On the back, the controls are similar in the way that Nikon does, but removing the joystick on the D780 is a step backward, maybe according to our personal feelings, because we are the people who used it a lot, in any case of taking pictures with the Z. The right side of the camera is a dual SD card slot with the ability to receive cards with high-speed UHS-II, which makes writing data faster, but unfortunately is that Nikon did not add XQD or CFExpress card slots instead of up to 2 such SD slots.

In terms of connectivity, the Nikon D780 also comes with built-in Wi-Fi and Bluetooth that make connecting to smart devices easy through Nikon’s SnapBridge app with settings that can transfer image data in RAW format as well such as JPEG easily or use it to control remote photography. Advanced Wi-Fi features are available and compatible with Nikon WT-7 / A / B / C devices.

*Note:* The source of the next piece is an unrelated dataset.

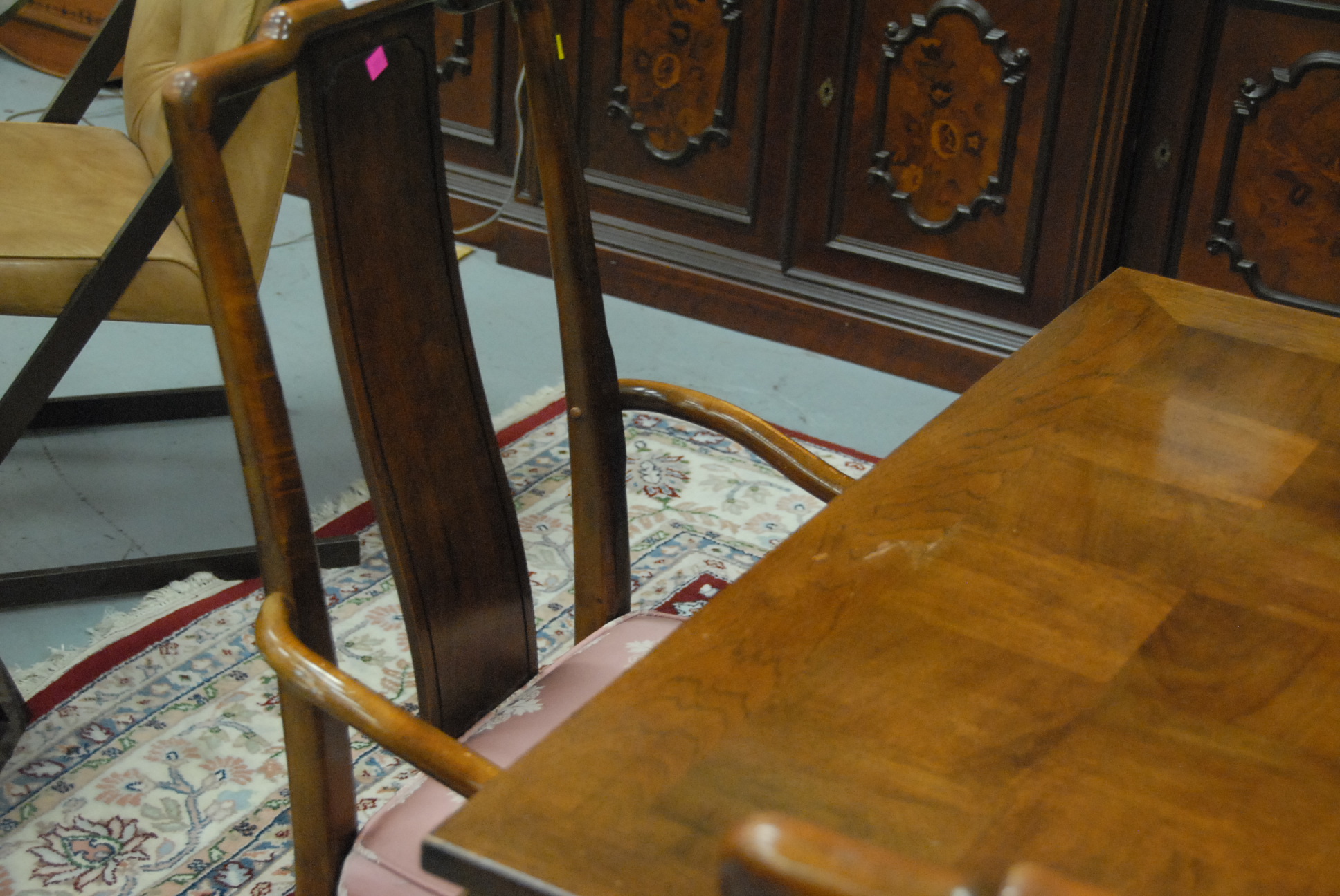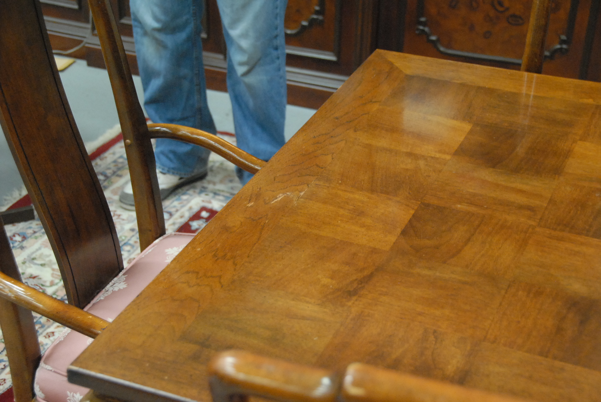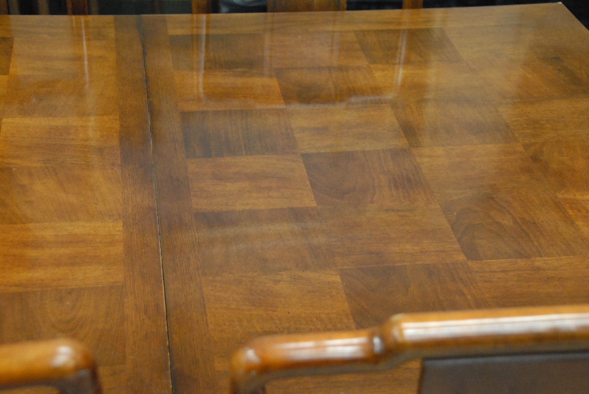 Dining room table with two leaves and six chairs, top: 60 x 40 leaves 22in. each.

The Nikon D780 has also been upgraded with a USB-C port for easy data transfer as well as connecting accessories. And what we wondered about the D780 launch was answered by Nikon, they confirmed that the USB-C port on the D780 can still charge the Nikon EN-EL15b battery just like on the Z6 and Z7, this is the best thing from Nikon. In addition, other features available on the D780 include the ability to save energy, resulting in a higher number of photos taken in full charge, up to 2,260 shots each when fully charged Nikon EN-EL15b battery.

About Ankeet Solanki

He started this blog as a hobby to show his affection for gadgets, but over the time this hobby became professional. And now he is working as a full-time blogger, but in free time he loves watching movies and games. PayPal donation for TechToyReviews will be appreciated.